Kaprizov is battling alongside his teammates every day on the ice, willing to step into board battles and scrums that other big names would simply skate by. He’s got the skills of a top-of-the-league point producer with the mentality of a fourth-line grinder who’s just trying to make sure his bills are paid. At the end of the day, Kaprizov didn’t just get the A for being the best player on the team. He got it because he raises everyone else every day.

Down, But Never Out

Maybe it’s a cliché, but the mark of a great team is that they may get down, but they’re never out. The Wild has had this mentality this season, which is why making a deeper run in the Cup seems more feasible than in previous years. Not only are they seemingly able to put losses behind them relatively quickly, but they’re even able to pick up the pace mid-game.

Now, that doesn’t mean they always win. Hey, everyone has an off day. But more often than not, when the Wild start off playing in a way that makes us cringe, they find their way back and at least make a push to the very end. Sure, there are still lopsided losses, but most of those have occurred while some of their most important players (ahem, Joel Eriksson Ek) were injured or only became lopsided because of empty-net goals at the very end.

Either way, watching the Wild come back from a 3-0 deficit against the Chicago Blackhawks to win last week is proof positive that they might be down, but never out.

One For All and All For One

All of these things are what I’m looking for when I put my own children in team sports.

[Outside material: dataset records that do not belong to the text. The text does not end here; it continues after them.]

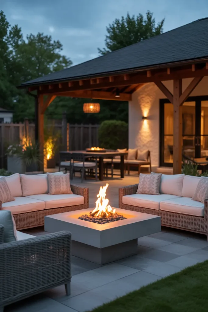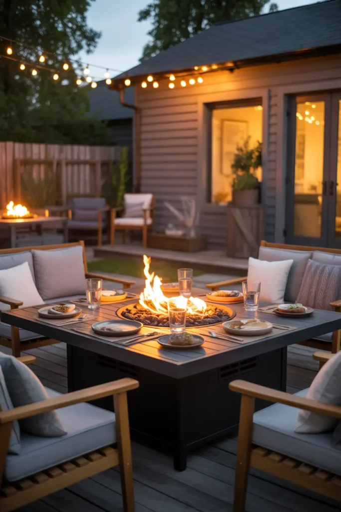 A fire pit dining area combines warmth and functionality for outdoor meals. It allows you to enjoy dinners comfortably even during cooler evenings. This setup creates a welcoming atmosphere perfect for memorable gatherings.
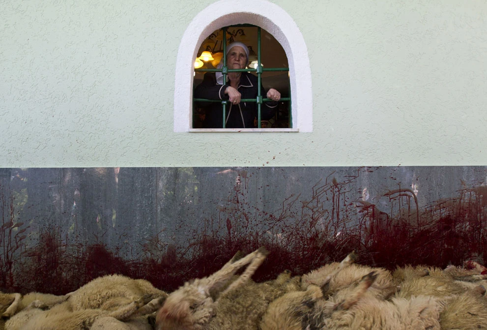 Một người phụ nữ nhìn ra ngoài cửa sổ nơi mà hàng loạt con cừu bị giết hại trong ngày lễ Saint George's ở làng Babaj i Bokes, Tây Kosovo, ngày 6-5-2014.
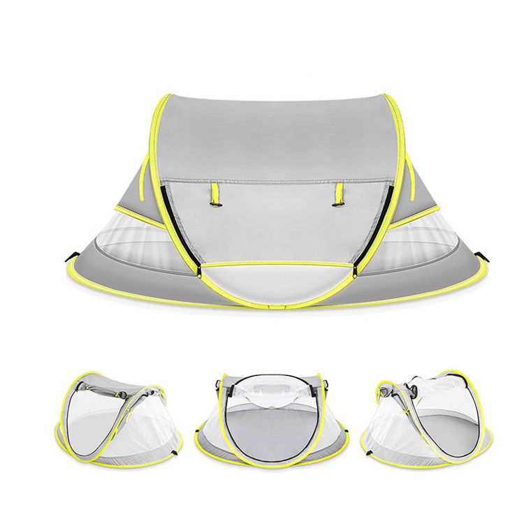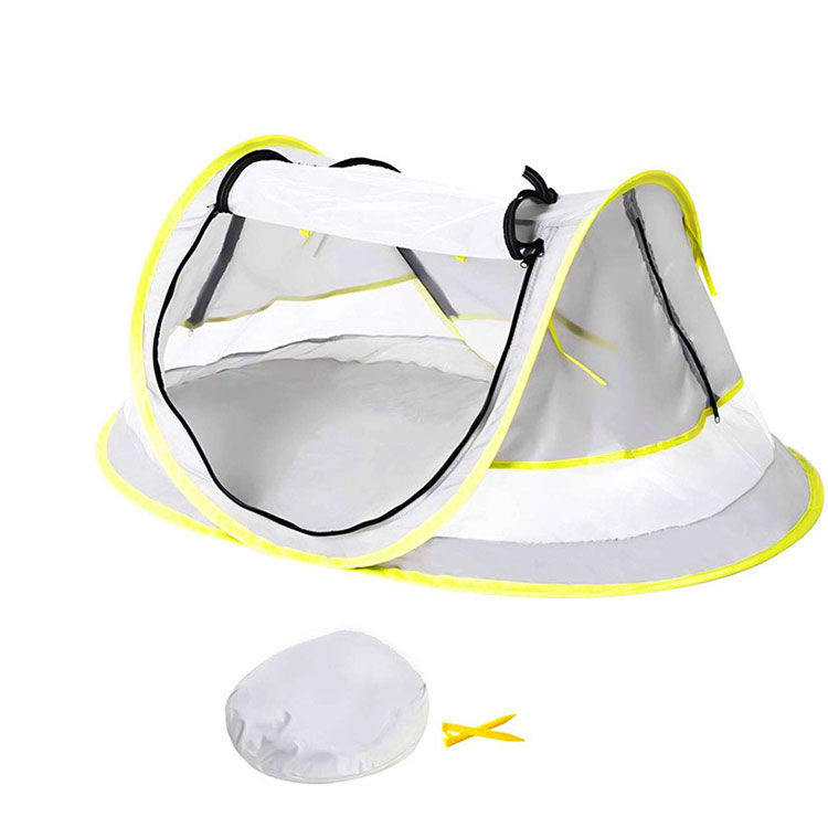 Lett enkeltlags vanntett pop-up-telt i polyester. Ditt ultimate sommerstrandly for familieeventyr. Dette lette pop-up-teltet har ettlags vanntett polyesterkonstruksjon, og har plass til fire personer. Perfekt for strandutflukter og sesongbasert camping, den kombinerer raskt oppsett med pålitelig værbeskyttelse.
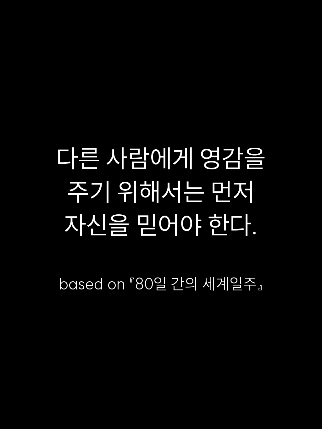 • 다른 사람에게 영감을 주기 위해서는 먼저 자신을 믿어야 한다. – based on 『80일 간의 세계일주』
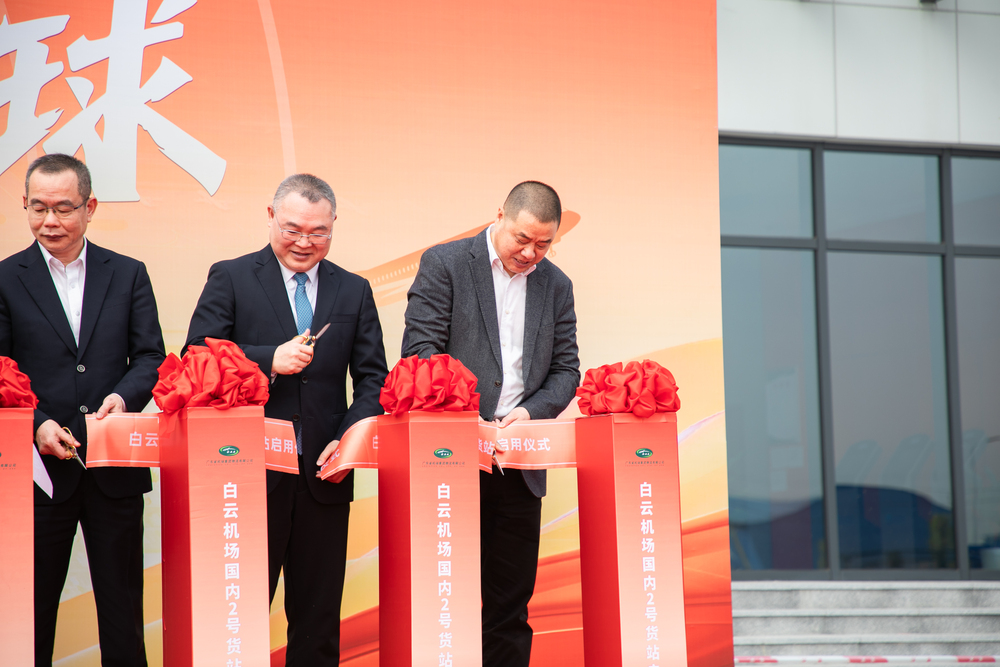 在热烈的掌声中,钱猛董事长与其他嘉宾共同为白云机场国内2号货站剪彩,宣告这一现代化货运枢纽正式投入运营。
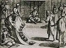Thirsting for revenge, Lambra and her husband Ruy Velázquez come up with a plan to send the father of the infantes, Gonzalo Gustioz, lord of Salas, as envoy to the ruler of Córdoba, Almanzor, to request money to help pay for their lavish wedding. Unbeknownst to him, he carries a letter that tells Almanzor of Ruy's plans to have the infantes ambushed and murdered, and requesting that their father, letter's bearer, likewise be killed. Ruy Velásquez carries out the ambush of his nephews using Muslim troops and supervises their beheading, sending the severed heads to Córdoba to torment their father. His painful laments for his sons represent one of the most emotional in all of Castilian epic tradition[4] Almanzor takes pity on him and merely has him imprisoned. In the earliest surviving version, a female servant is assigned to tend to him, and they fall in love and have a sexual liaison. In the later version of the Crónica de 1344, she is a sister of Almanzor himself and is offered up to Gonzalo, who takes her by force. She becomes pregnant and has a son named Mudarra González.[5]
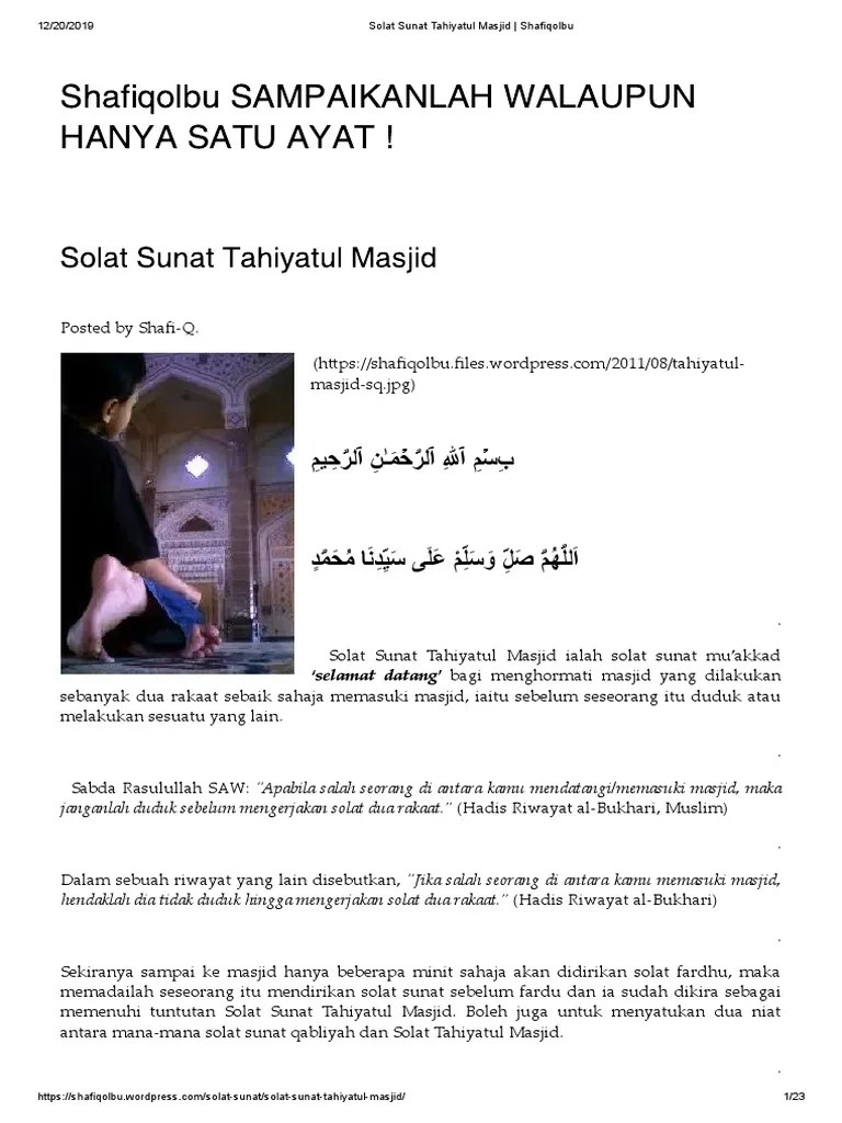 Ini adalah panduan melakukan solat sunat tahiyatul masjid secara ringkas dan lengkap.

I want them to learn, through the magic of hockey, that ultimately, they need to be able to depend on other human beings while also being dependable to everyone around them.

It’s a life lesson I hope they carry far beyond the world of hockey and into their everyday lives as they grow up in an uncertain world. Hopefully, all of us hockey lovers can remember that life lesson as well, because we need it these days.